On 12 September 1936 he was relocated to the provincial prison and he went from cell to cell to encourage recreation among other prisoners as well as the recitation of rosaries; on 23 September he was subjected to severe interrogation and on the morning of 29 September made a confession to a priest while later waving farewell to his fellow inmates. He did this for he was taken to the town hall to a so-called 'people's court' where the prosecutor asked for the death sentence. He was given the chance to defend himself but said he was proud to be a Christian and he would be glad to die for Jesus Christ. The conclusion of the trial saw the verdict given to him – the death sentence – and all those convicted prisoners were led to an underground passage to a dungeon.
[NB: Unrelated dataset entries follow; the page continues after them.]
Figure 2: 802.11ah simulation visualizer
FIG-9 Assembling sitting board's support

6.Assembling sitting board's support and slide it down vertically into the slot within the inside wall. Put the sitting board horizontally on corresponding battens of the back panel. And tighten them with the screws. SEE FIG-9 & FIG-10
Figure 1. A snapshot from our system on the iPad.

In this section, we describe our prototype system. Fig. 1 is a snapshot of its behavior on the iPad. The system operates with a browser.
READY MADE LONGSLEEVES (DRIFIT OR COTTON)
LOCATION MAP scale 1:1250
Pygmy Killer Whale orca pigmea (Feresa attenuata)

He entered it and encouraged the others: "Come on lads ... each of us must prepare ourselves and recommend his soul to God". He addressed a letter first to his sisters and aunt and then to his fiancée to bid them farewell; he also sent a letter to Father Galán.
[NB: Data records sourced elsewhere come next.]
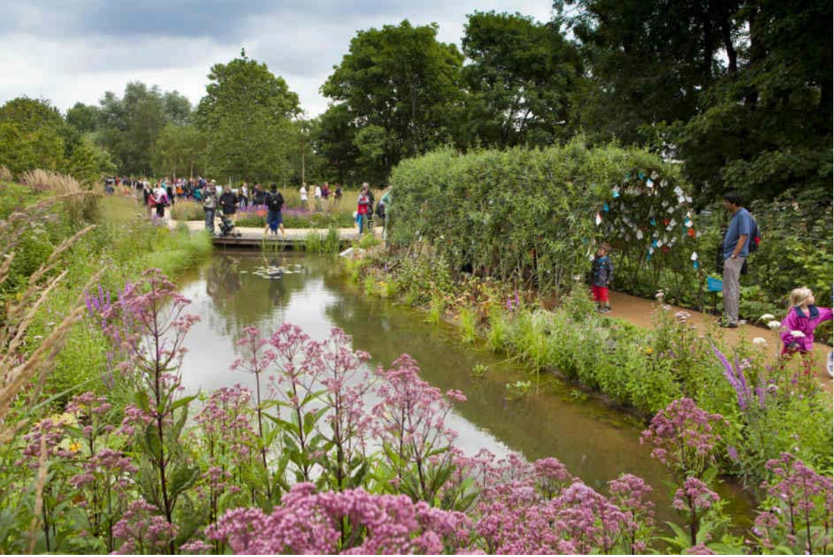
The Queen Elizabeth Olympic Park, located in East London and a formerly deprived area, has been at the heart of a major urban regeneration plan, in view of the 2012 Olympic Games. Photos show parts of the area before and after the regeneration.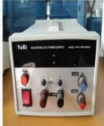
DC power supply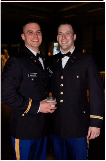
More photos on page 4!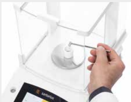
Weighing the sample

weighed and logged into the software, all further steps happen automatically once the analysis is started. The results are available within minutes.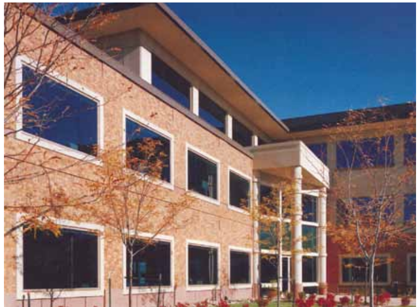
Texture and cost-savings are the result of OZ Architecture’s use of a combination of columns and spandrels, as well as integrally cast-in brick load-bearing wall panels at Sybase/Information Connect’s division headquarters at the University of Colorado’s Research Park in Boulder.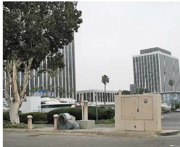
Pump Station in Marina del Rey

OLD PILLS PILING UP? No Drugs Down the Drain Please!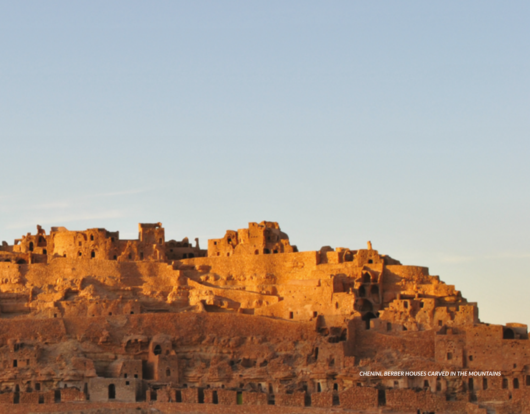
CHENINI, BERBER HOUSES CARVED IN THE MOUNTAINS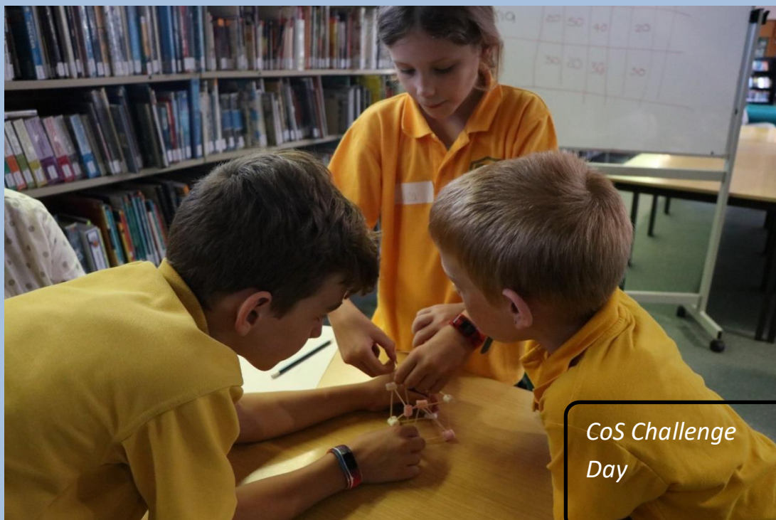
CoS Challenge Day

On 29 September 1936 he was taken to a truck in the evening alongside six other prisoners and he began to sing but the militiamen with the prisoners slapped him to quiet him down to which Castelló said that he forgave him. He was led to the execution spot along a darkened path and he said he forgave those who were to kill him. His hands were clasped and his head was raised upwards as the order was given to which he shouted: "Long live Christ the King!" He died at 11:30pm. His heart continued to beat for mere moments after the shooting and his head leaned to the right as he crumpled to the ground. His fiancée – as per his request in his last letter to her – married and bore children and later died on 17 June 1976.

==Beatification==
The beatification process opened in Lleida in an informative process tasked with the collection of documentation in relation to his life and this process spanned from 2 February 1959 until its closure just over a decade later on 16 May 1971; the formal introduction to the cause came under Pope John Paul II on 22 July 1986 and he became titled as a Servant of God. The Congregation for the Causes of Saints later validated the informative phase in Rome on 18 November 1991 and received the Positio dossier from the postulation in 1992 for assessment. Theological advisors approved the cause on 10 November 2000 as did the cardinal and bishop members of the Congregation for the Causes of Saints on 12 December 2000. The current postulator for this cause is Silvia Mónica Correale.